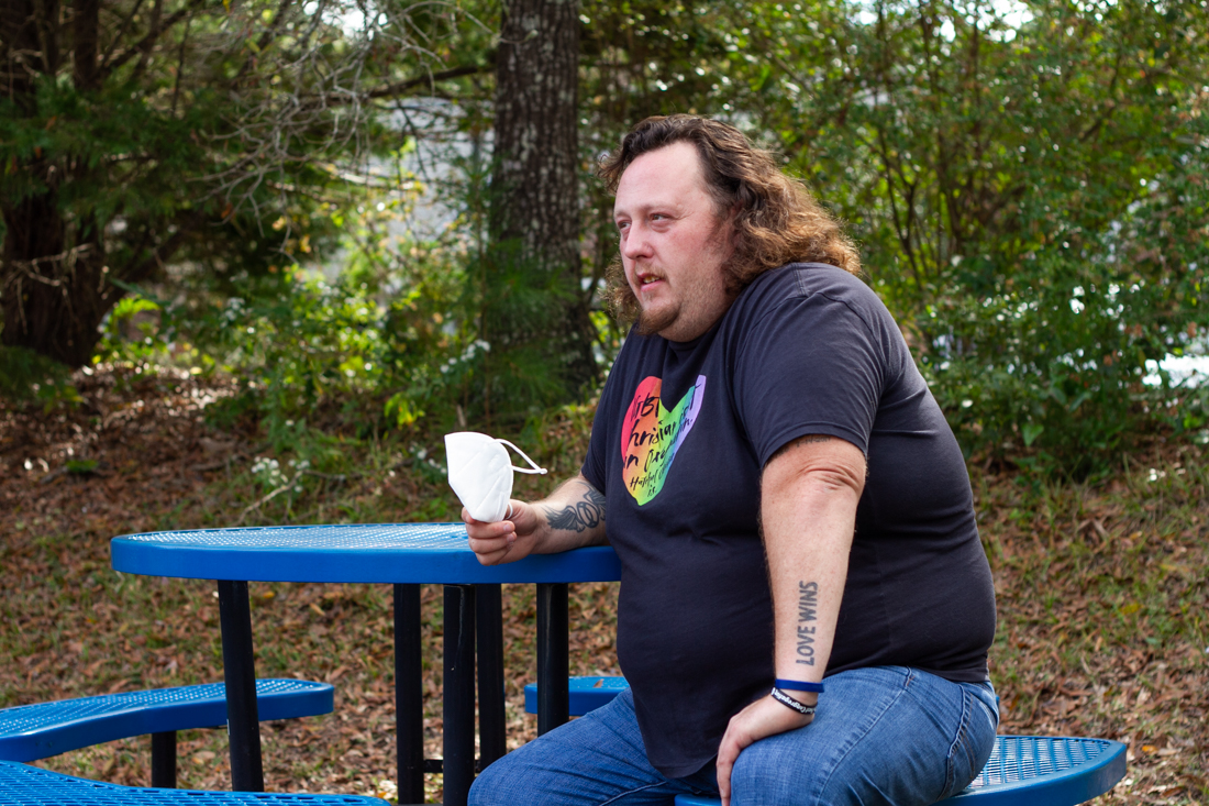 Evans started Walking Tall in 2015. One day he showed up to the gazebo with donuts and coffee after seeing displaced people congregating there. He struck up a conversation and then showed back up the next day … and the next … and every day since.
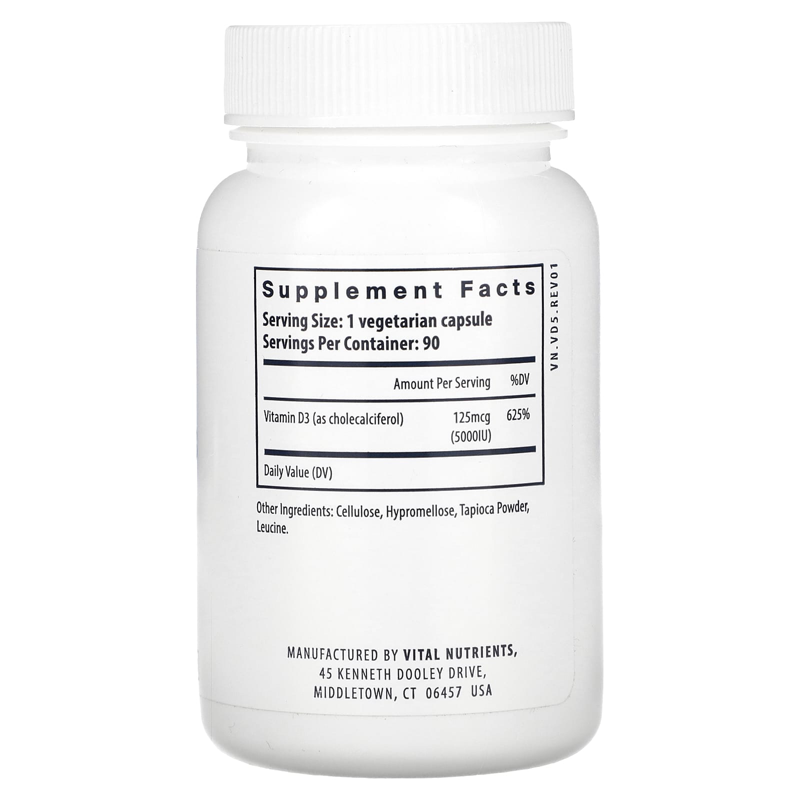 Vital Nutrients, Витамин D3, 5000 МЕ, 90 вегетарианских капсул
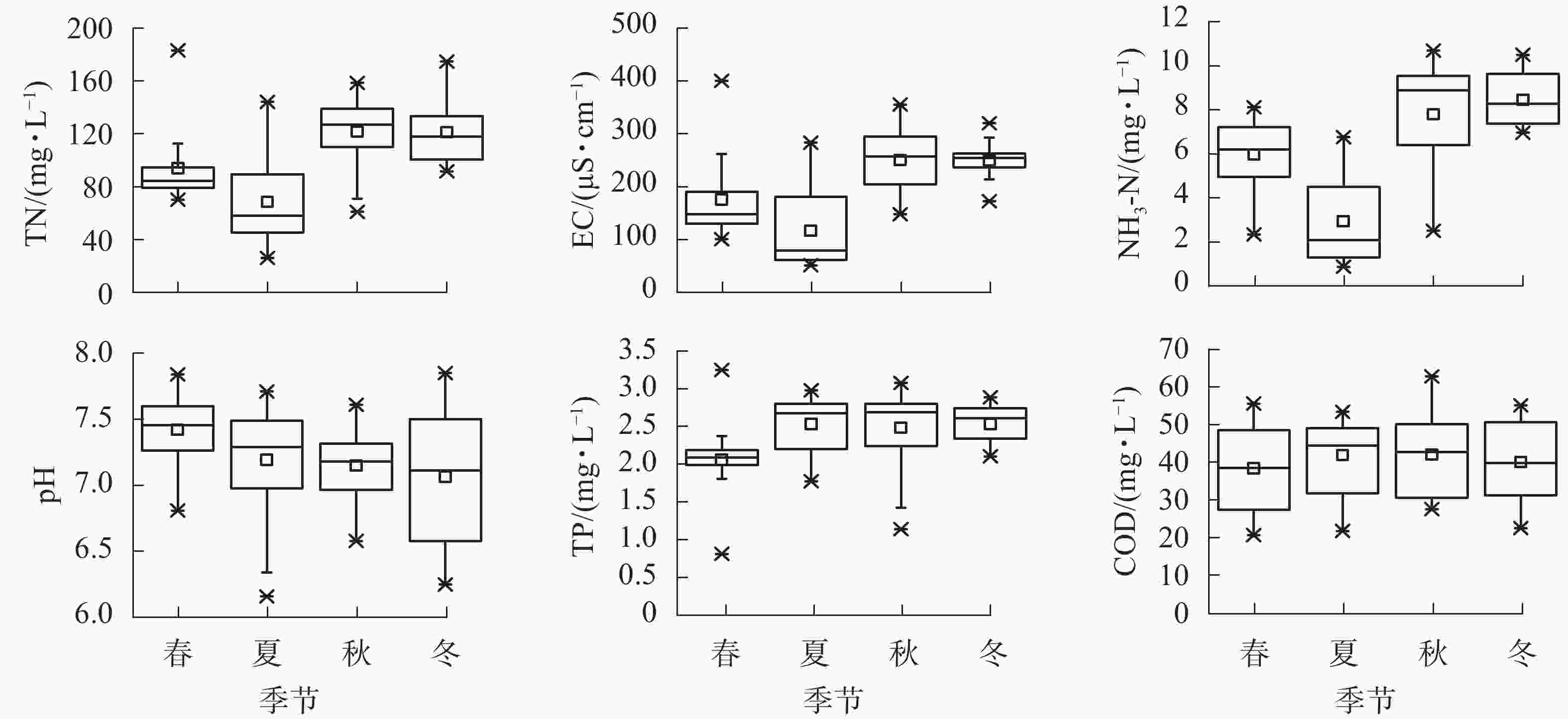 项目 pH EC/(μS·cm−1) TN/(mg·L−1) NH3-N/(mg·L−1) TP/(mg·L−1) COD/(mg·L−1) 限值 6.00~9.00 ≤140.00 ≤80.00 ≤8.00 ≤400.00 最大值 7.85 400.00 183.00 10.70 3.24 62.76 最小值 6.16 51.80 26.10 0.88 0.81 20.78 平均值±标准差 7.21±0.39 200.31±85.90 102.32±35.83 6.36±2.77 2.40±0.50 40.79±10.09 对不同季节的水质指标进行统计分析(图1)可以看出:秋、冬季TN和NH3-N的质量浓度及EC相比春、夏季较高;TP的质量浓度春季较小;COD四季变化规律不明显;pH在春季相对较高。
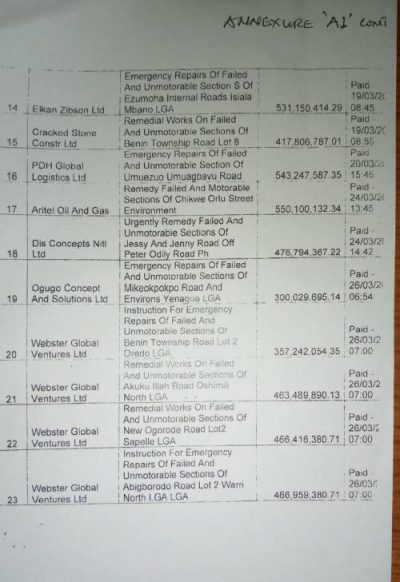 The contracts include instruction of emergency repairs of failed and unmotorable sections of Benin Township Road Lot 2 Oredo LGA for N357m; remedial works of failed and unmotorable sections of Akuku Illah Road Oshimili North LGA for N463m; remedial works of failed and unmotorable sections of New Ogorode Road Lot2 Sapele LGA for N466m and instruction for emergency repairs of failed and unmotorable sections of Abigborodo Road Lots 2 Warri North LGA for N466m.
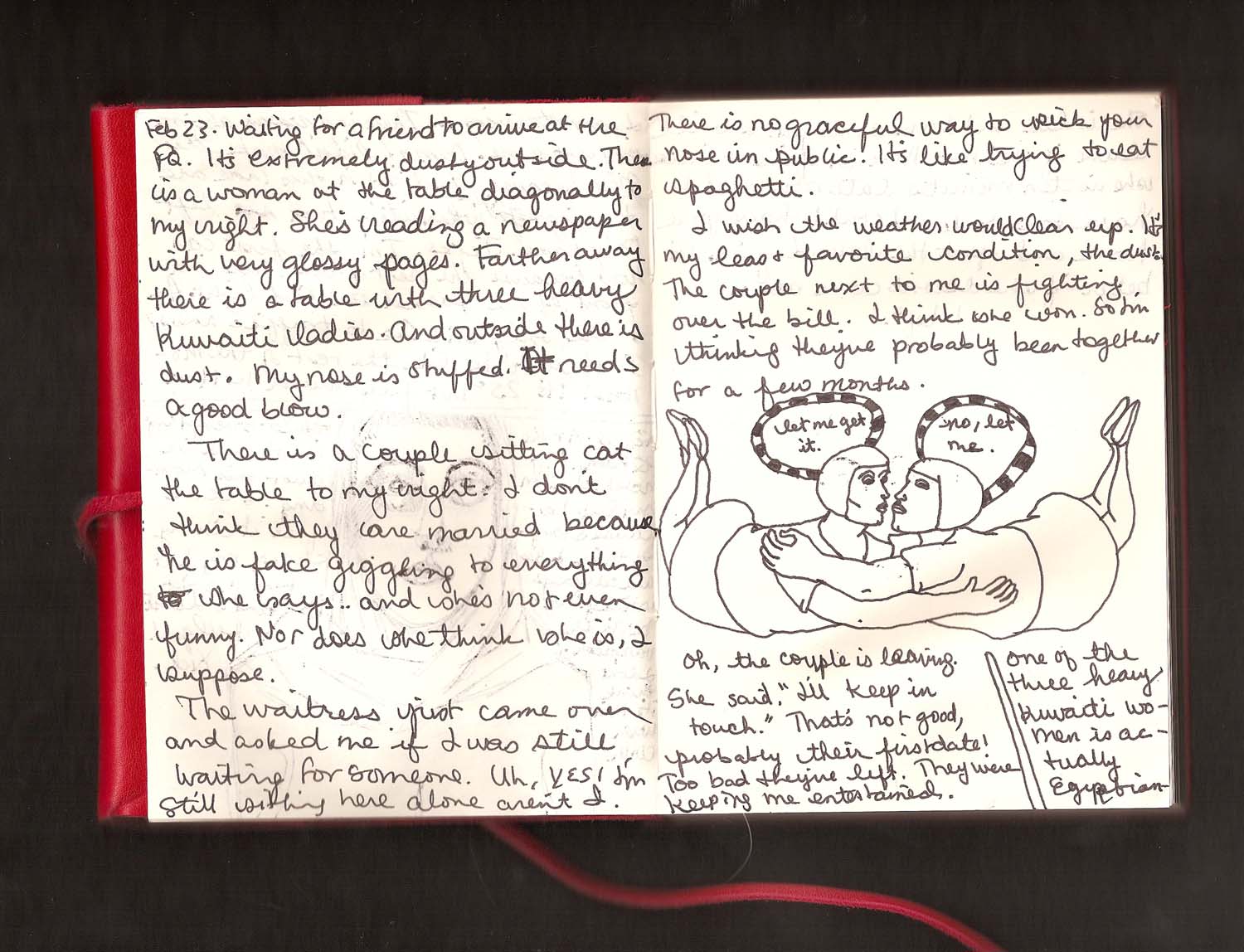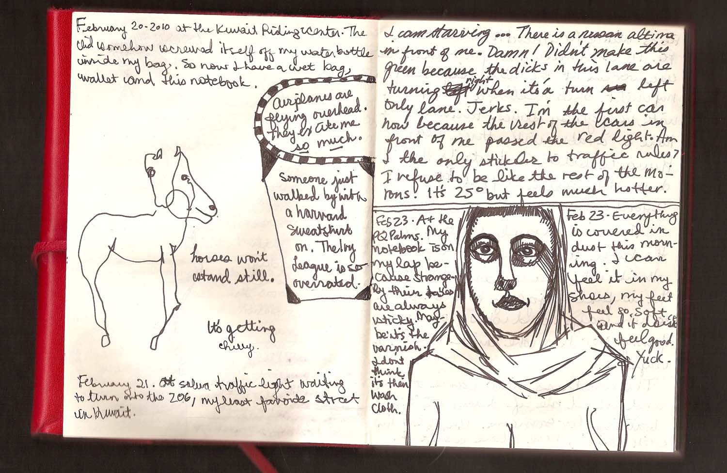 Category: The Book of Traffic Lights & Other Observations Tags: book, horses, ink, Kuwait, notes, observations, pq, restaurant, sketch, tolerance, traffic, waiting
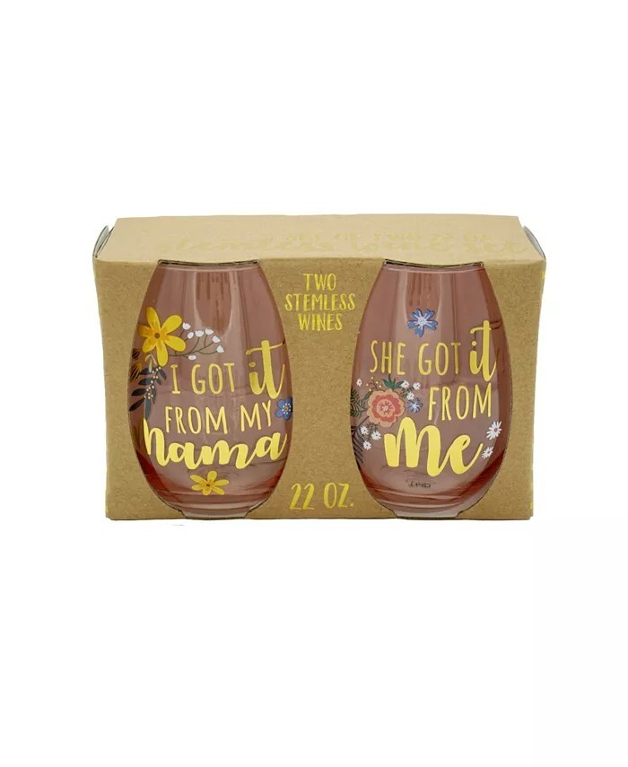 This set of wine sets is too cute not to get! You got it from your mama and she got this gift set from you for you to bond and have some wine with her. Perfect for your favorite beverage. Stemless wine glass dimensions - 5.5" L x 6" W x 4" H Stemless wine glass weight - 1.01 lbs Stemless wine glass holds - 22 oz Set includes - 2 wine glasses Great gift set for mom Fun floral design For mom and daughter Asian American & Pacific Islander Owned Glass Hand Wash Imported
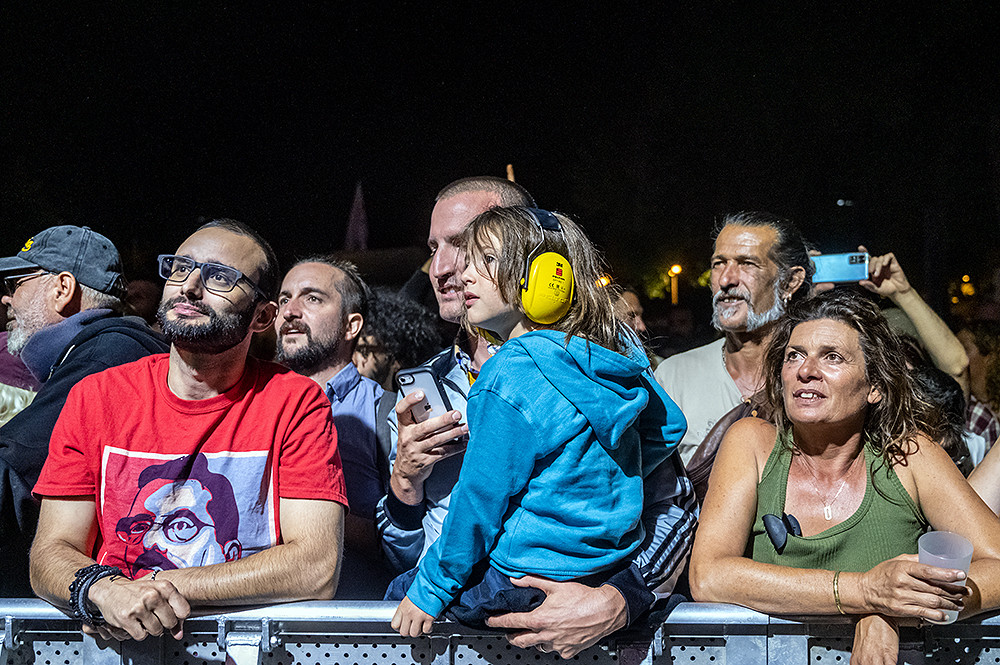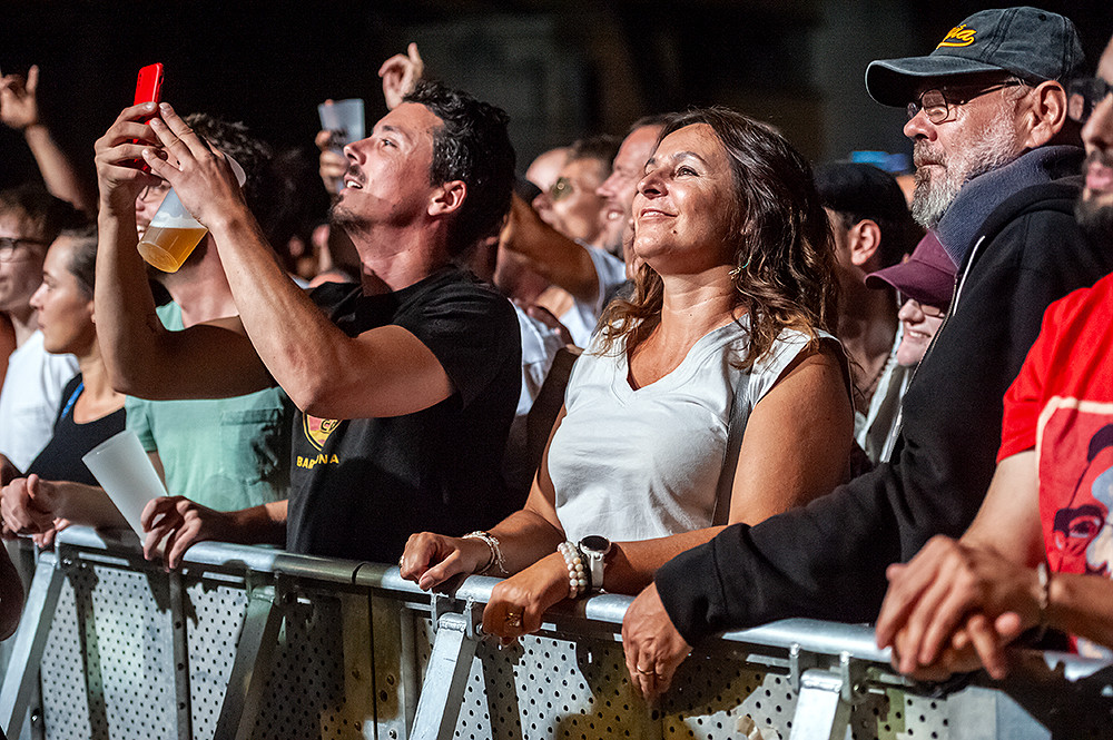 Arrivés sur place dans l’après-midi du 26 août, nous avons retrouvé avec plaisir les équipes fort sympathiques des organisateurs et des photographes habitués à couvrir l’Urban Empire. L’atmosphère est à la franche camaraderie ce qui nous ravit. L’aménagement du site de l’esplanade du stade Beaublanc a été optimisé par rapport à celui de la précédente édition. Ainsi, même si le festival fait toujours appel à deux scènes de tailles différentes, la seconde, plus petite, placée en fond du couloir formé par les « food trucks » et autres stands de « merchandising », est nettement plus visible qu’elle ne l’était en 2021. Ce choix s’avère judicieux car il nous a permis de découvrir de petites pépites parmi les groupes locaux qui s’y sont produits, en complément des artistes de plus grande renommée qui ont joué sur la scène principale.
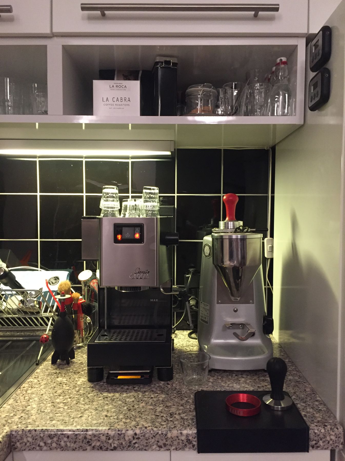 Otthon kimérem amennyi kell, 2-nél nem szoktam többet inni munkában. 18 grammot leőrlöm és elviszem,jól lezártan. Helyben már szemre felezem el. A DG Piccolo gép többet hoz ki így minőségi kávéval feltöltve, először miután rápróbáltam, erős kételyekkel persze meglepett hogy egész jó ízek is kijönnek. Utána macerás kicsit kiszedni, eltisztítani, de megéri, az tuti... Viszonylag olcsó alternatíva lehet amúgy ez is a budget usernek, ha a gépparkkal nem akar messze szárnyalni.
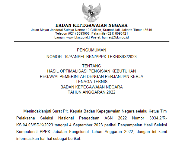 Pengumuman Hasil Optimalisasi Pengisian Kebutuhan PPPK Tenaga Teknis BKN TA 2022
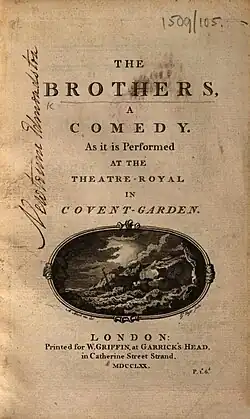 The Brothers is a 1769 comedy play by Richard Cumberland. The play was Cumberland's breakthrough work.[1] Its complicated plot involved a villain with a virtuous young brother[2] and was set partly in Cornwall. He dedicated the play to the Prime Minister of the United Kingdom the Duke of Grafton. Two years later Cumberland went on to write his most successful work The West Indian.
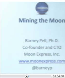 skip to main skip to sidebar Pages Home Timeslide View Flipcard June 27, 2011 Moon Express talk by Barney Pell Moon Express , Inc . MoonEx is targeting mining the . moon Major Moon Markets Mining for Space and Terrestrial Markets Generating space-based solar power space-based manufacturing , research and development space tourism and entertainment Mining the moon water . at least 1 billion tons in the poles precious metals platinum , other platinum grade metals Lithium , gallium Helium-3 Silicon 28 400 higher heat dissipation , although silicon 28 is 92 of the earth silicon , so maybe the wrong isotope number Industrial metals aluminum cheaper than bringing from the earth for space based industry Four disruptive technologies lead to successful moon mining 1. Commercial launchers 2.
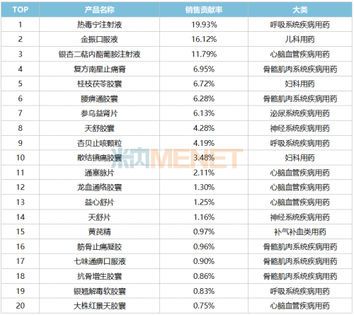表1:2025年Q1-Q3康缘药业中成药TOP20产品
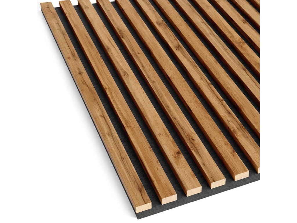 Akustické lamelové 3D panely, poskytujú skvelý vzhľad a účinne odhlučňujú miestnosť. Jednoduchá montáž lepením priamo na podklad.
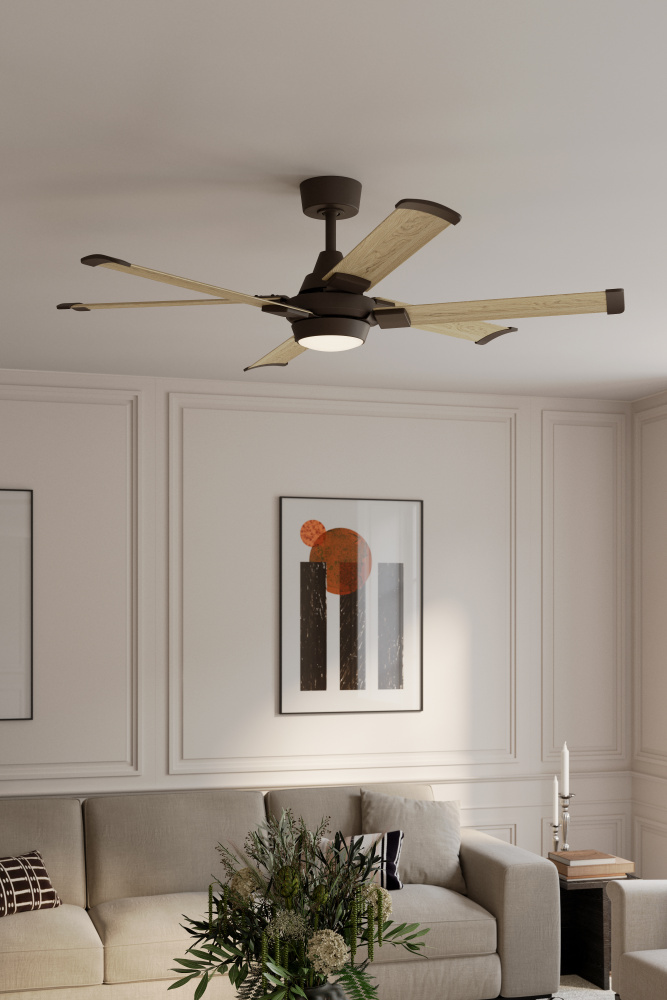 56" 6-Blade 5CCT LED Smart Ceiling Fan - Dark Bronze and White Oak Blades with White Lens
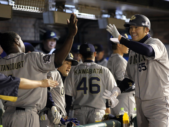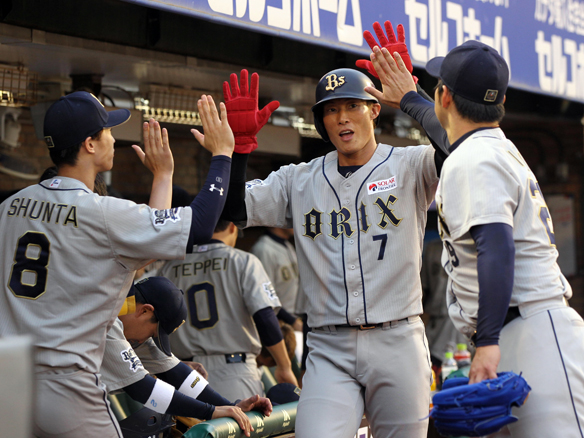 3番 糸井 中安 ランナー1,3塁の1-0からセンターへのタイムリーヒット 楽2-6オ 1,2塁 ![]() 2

★ ★ ★ ★

• Work task: Your answer must be the lines from the one holding "Pengumuman Hasil Optimalisasi" through the final line of the records above, exactly as written and without any pictures.

• Response:
 Pengumuman Hasil Optimalisasi Pengisian Kebutuhan PPPK Tenaga Teknis BKN TA 2022
 The Brothers is a 1769 comedy play by Richard Cumberland. The play was Cumberland's breakthrough work.[1] Its complicated plot involved a villain with a virtuous young brother[2] and was set partly in Cornwall. He dedicated the play to the Prime Minister of the United Kingdom the Duke of Grafton. Two years later Cumberland went on to write his most successful work The West Indian.
 skip to main skip to sidebar Pages Home Timeslide View Flipcard June 27, 2011 Moon Express talk by Barney Pell Moon Express , Inc . MoonEx is targeting mining the . moon Major Moon Markets Mining for Space and Terrestrial Markets Generating space-based solar power space-based manufacturing , research and development space tourism and entertainment Mining the moon water . at least 1 billion tons in the poles precious metals platinum , other platinum grade metals Lithium , gallium Helium-3 Silicon 28 400 higher heat dissipation , although silicon 28 is 92 of the earth silicon , so maybe the wrong isotope number Industrial metals aluminum cheaper than bringing from the earth for space based industry Four disruptive technologies lead to successful moon mining 1. Commercial launchers 2.
表1:2025年Q1-Q3康缘药业中成药TOP20产品
 Akustické lamelové 3D panely, poskytujú skvelý vzhľad a účinne odhlučňujú miestnosť. Jednoduchá montáž lepením priamo na podklad.
 56" 6-Blade 5CCT LED Smart Ceiling Fan - Dark Bronze and White Oak Blades with White Lens
 3番 糸井 中安 ランナー1,3塁の1-0からセンターへのタイムリーヒット 楽2-6オ 1,2塁 ![]() 2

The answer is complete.